Conclusions: Our study found that older Chinese in-patients with cognitive impairment have a 1.76-fold risk of 30-day mortality compared to patients with normal cognitive function, suggesting that clinicians and nurses need to early implement cognitive function screening and corresponding interventions to improve clinical outcomes for older in-patients.
Introduction
With advances in medicine and technology, the world's population is aging, a trend that is especially noticeable among the Chinese people, with an estimated 366 million older Chinese adults expected by 2050 (https://population.un.org/wpp/DataQuery).

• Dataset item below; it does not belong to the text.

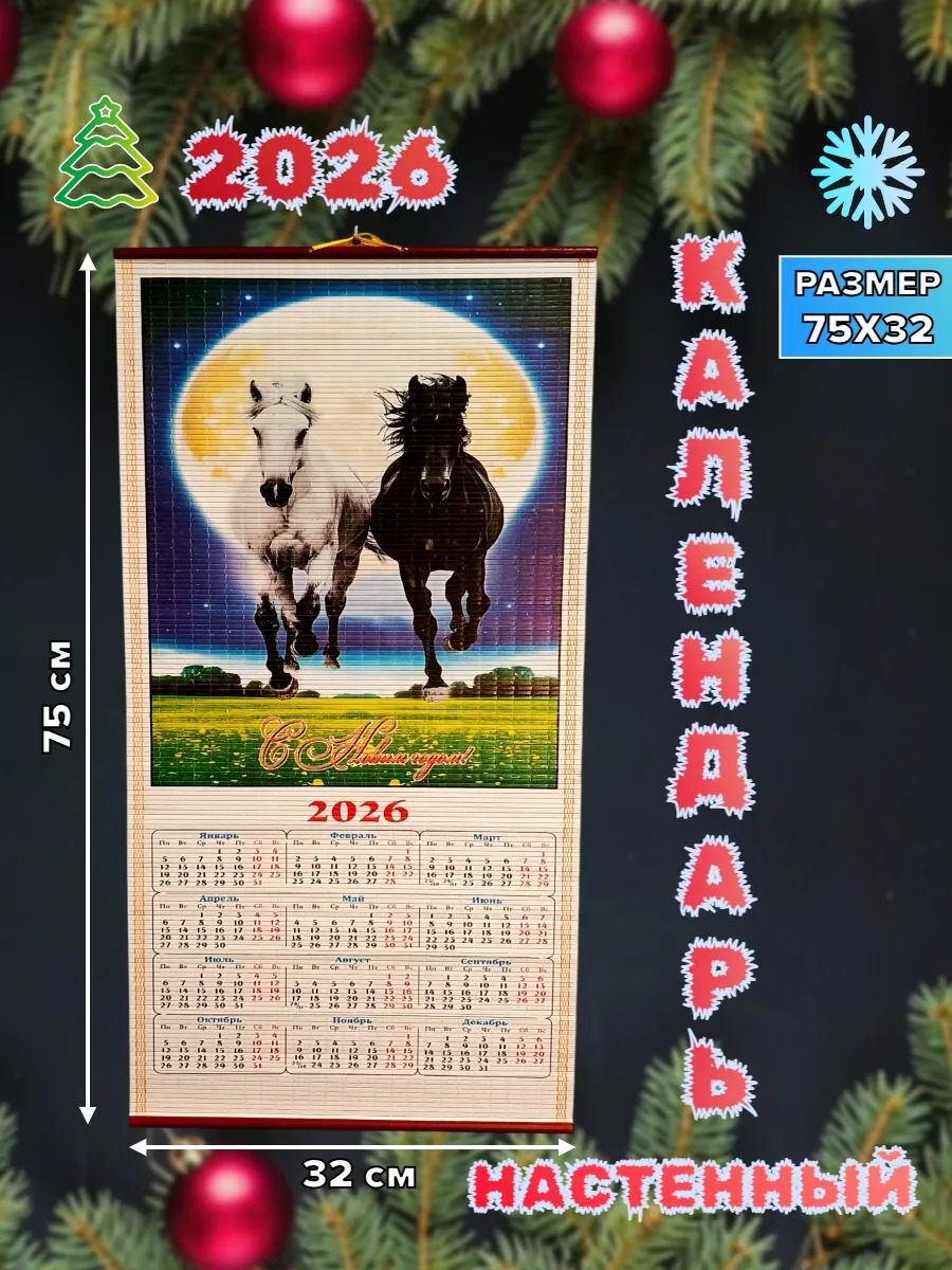 Настенный бамбуковый Календарь 2026 года Лошадь станет стильным и практичным украшением вашего дома или офиса. Календарь 2026 настенный изготовлен из бумаги и дерева в подарочной упаковке. Календарь имеет вертикальный тип и представлен в виде одного большого полотна размером 75см в высоту и 32 см в ширину, что позволяет легко просматривать планы на весь месяц. 10 разных вариантов, приходят случайным образом. Желаем Вам и Вашим близким радостного и счастливого Нового года!

Elderly individuals often suffer from cognitive impairment, a disease characterized by declining memory and trouble learning new things, with the likelihood of progressing to dementia in the future (1). It has been reported that the prevalence of cognitive impairment ranges from 9.7% to 23.30% in Chinese people, with a figure of 20.8% for people aged 65 years and older (2). Numerous studies have reported that being an older adult with cognitive impairment is associated with a series of poor clinical outcomes, such as falls (3), lower quality of life (4), and increased mortality (5), resulting in a substantial healthcare burden for families and society alike. In mainland China, it is estimated that the annual healthcare cost for patients with Alzheimer's disease is $167.74 billion US, far more than the estimate reported by the World Alzheimer Report of $28.18 billion US (6).

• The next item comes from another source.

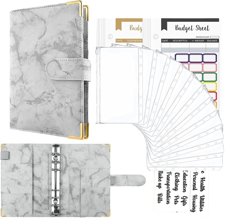 セット内容:ファスナー付きPVC素材のファイル:12枚、予算管理用紙:12枚、英字ステッカー:2枚、カラーシール:1枚の大容量予算バインダー

Several studies have reported that community-dwelling older adults with cognitive impairment have an increased risk of mortality compared to those with normal cognition (7–10). A large cohort study recently reported that community-dwelling older adults with cognitive impairment are at increased risk of mortality compared to those with normal cognitive function (11). The possible reasons for the association between cognitive impairment and mortality were etiologic conditions such as multiple comorbidities (12) or inability to efficiently process information, resulting in noncompliance with medical care and unlikely maintenance of a healthier lifestyle (13). Moreover, the impact of cognitive impairment on adverse clinical outcomes among hospitalized older adults has become increasingly studied (14, 15). Indeed, inpatients suffering from cognitive impairment may have worse clinical outcomes than community-dwelling older adults due to forgetting to take medication or failing to follow clinicians' advice. In addition, poor functional capacity and multiple comorbidities make older inpatients more vulnerable to the detrimental effect of cognitive impairment than older people living in the community. Therefore, identifying the association between cognitive impairment and mortality among hospitalized older people is very important.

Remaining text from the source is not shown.